The New York band did not simply play their songs, they weaponised them.

YHWH Nailgun are no ordinary band. Nothing in their manner suggests restraint or simplicity. There is something fiercely primal in their energy, serving up deep cuts raw and animalistic in their core essence. In March, their debut LP ‘45 Pounds’ burst open like some ferocious machine, unleashing something which dared to defy all categorisation.
Translating this kind of ruthless intensity to the stage is no simple task, but confined within Salford’s dimly lit former mechanics workshop, they managed to summon it in its purest form. With the first clamours of ‘Penetrator’, the closeness of the setting suddenly became fractured by the outbreak of the band’s vast industrial soundscape. Combining juggernaut polyrhythms and caustic synth charges with Borzone’s guttural vocal delivery, the four-piece let loose their relentless onslaught. Album closer ‘Changer’ followed in pursuit, leading the audience further into the haze. Slicing seamlessly through their back catalogue, the spree felt oftentimes unsettling as it dared the listener to claw through the heavy tension and find the light on the horizon.
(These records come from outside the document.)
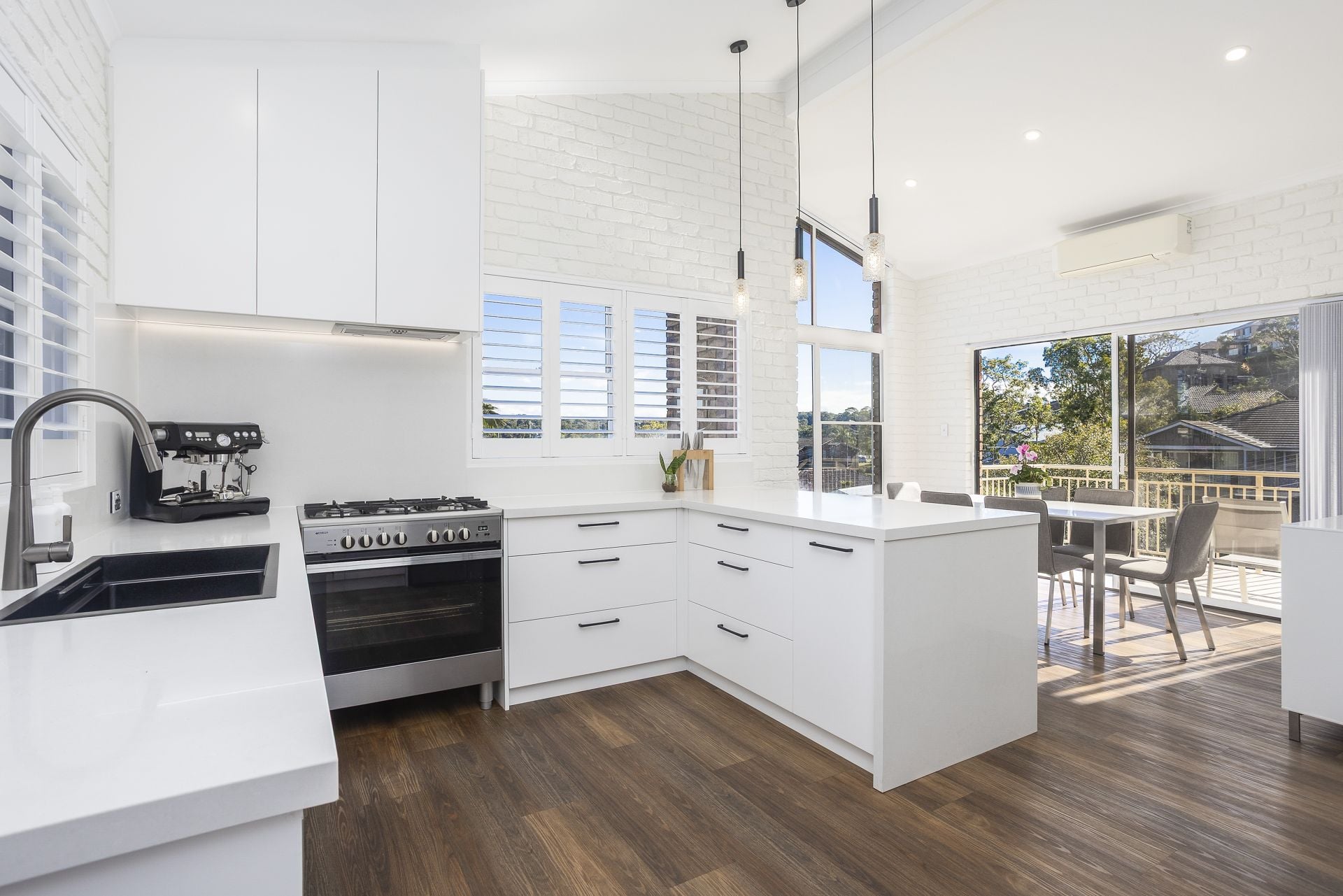 - Gourmet kitchen with gas cooktop, 90cm oven, stone benchtop and ample storage with an outlook over the pool and flowing to the front balcony
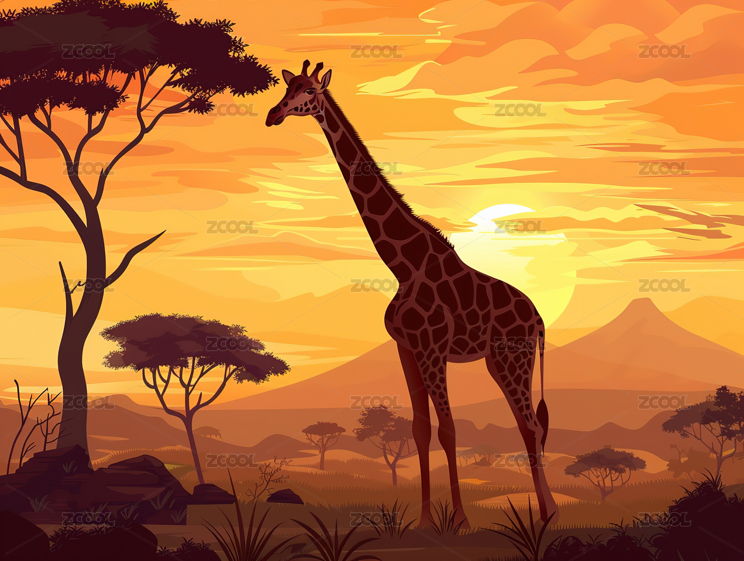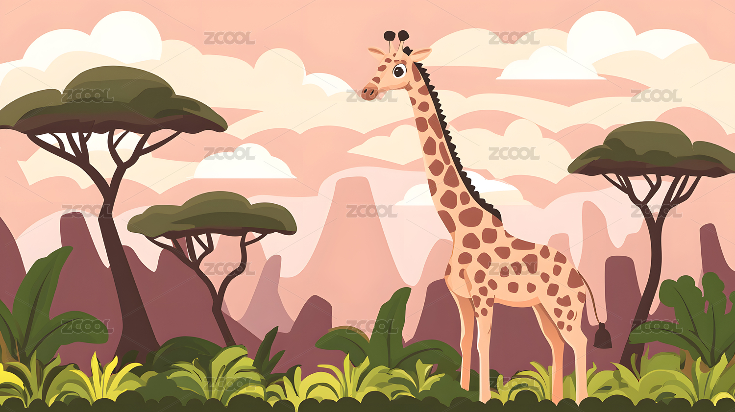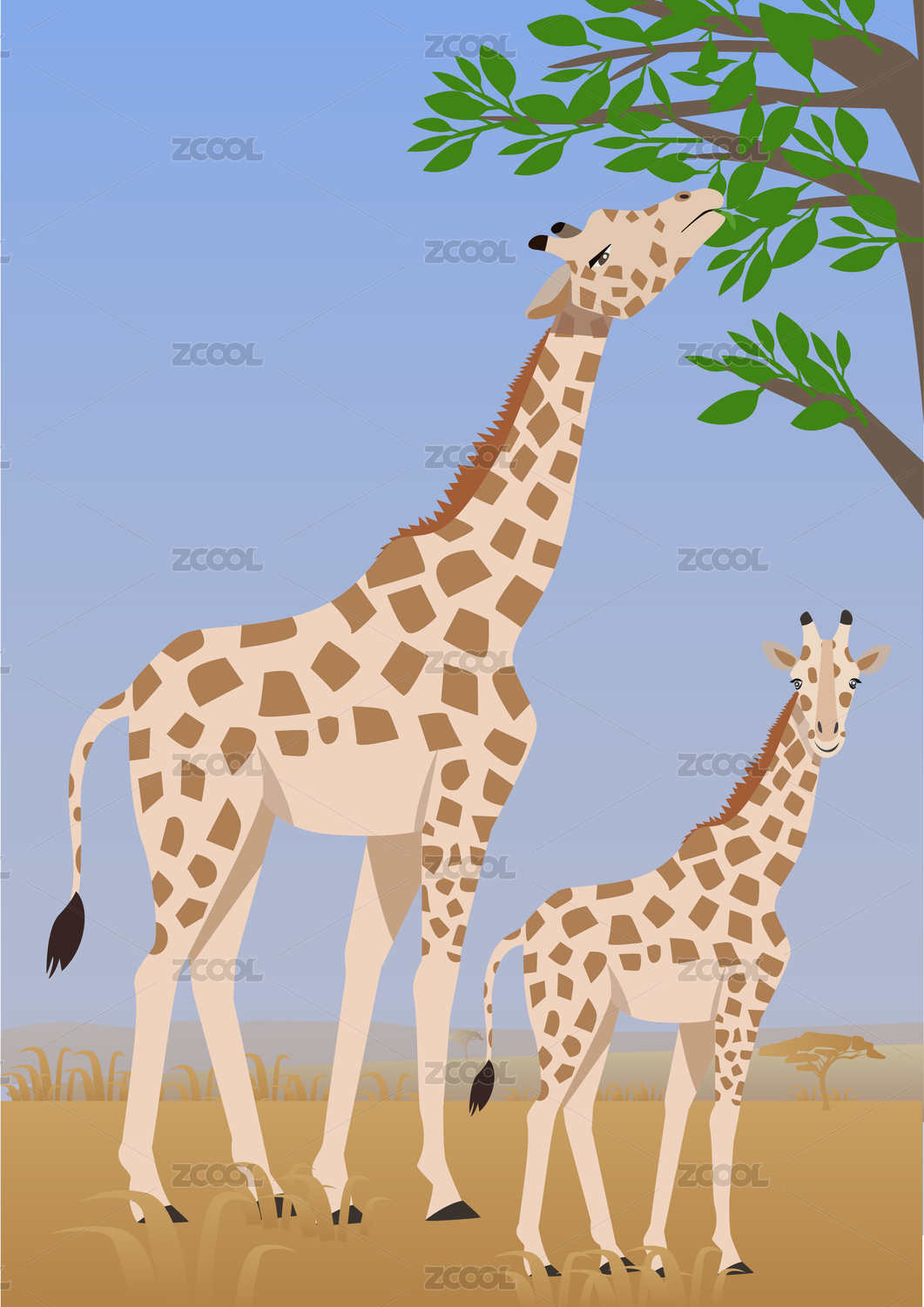 长颈鹿,插画,动物园,热带,灌木,自然,植物
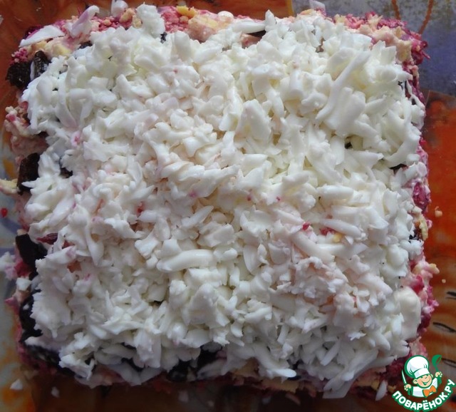 Следующим слоем натираем яичные белки. Смазываем майонезом.

The opening percussive stabs of ‘Castrato Raw (Fullback)’ welcomed a further rampant assault on the senses. Its advance was cold, caustic and unabating, yet there remained a hypnotic tension in Pickard’s loose and flashy drum patterns which left the audience fighting with their feet against the hard floor below them. It is this dancefloor fusion which truly anchors YHWH Nailgun’s sound, their unnatural ability to conjure up something so alluring from an otherwise corrosive soundscape, that puts them at the top of their game.
On record, ‘45 Pounds’ at times felt meticulously calibrated, each outburst locked between another to give way to danger. Within this live setting, measured tracks such as ‘Blackout’ and ‘Tear Pusher’ became things of unpredictable volatility. The outburst of ‘Animal Death Already Breathing’ formed a particularly striking reminder of the complexity of the band’s energy, conveying how difficult it is to contain its surges. Although a slightly slower assault from the outset, it rapidly dissolved into something much murkier and angrier. Clean metallic guitar squeals ripped open to reveal their jagged edges, low-end synth hammers rose through our backs, and Borzone’s vocal gushes felt more desperate than ever. The experience quickly surpassed surface level. The weight of the instrumentation became something bodily, dragging us down so that the music was no longer simply being played at us but within us.
Zack Borzone embodied this sentiment in his unnerving, yet equally captivating stage presence. Less like performance and more like possession, every glimmer of the eye and swift convulsion served to expel the force woken by each track. As he cavorted across the stage, his manner was often dazed, detached, even mechanical. At every moment, he posed a reminder that within YHWH Nailgun’s music there is something much bigger which cannot be controlled.
As the band dove deeper into their armoury for older material, there came a strange sense of clarity. Moments like the eruptions of ‘Back Muscle’ and ‘Venison Mama’ from 2022 EP ‘No Midwife And I Wingflap’ were met with tense stillness from the audience. Though just as bold and vicious as their newer tracks, the offering of these tracks felt more deliberate. It was a kind of controlled torment, exercised with smug precision. They were antagonistic in the best possible way, asserting their authority and stretching the audience’s nerves as far as they dared before snapping the room back into chaos.
As the final death clamours of ‘Iron Feet’ melted into ‘Look at Me, I’m a Rainer’, the air felt incomprehensibly heavy. Heavy with exhilaration and reluctant acceptance of the end of the storm. From an album of material seemingly abstract and elusive, YHWH Nailgun tore out something so physically evocative that even as the smoke cleared and the dust of the evening began to settle, a restless presence remained within the waning audience. YHWH Nailgun did not simply play their songs, they weaponised them.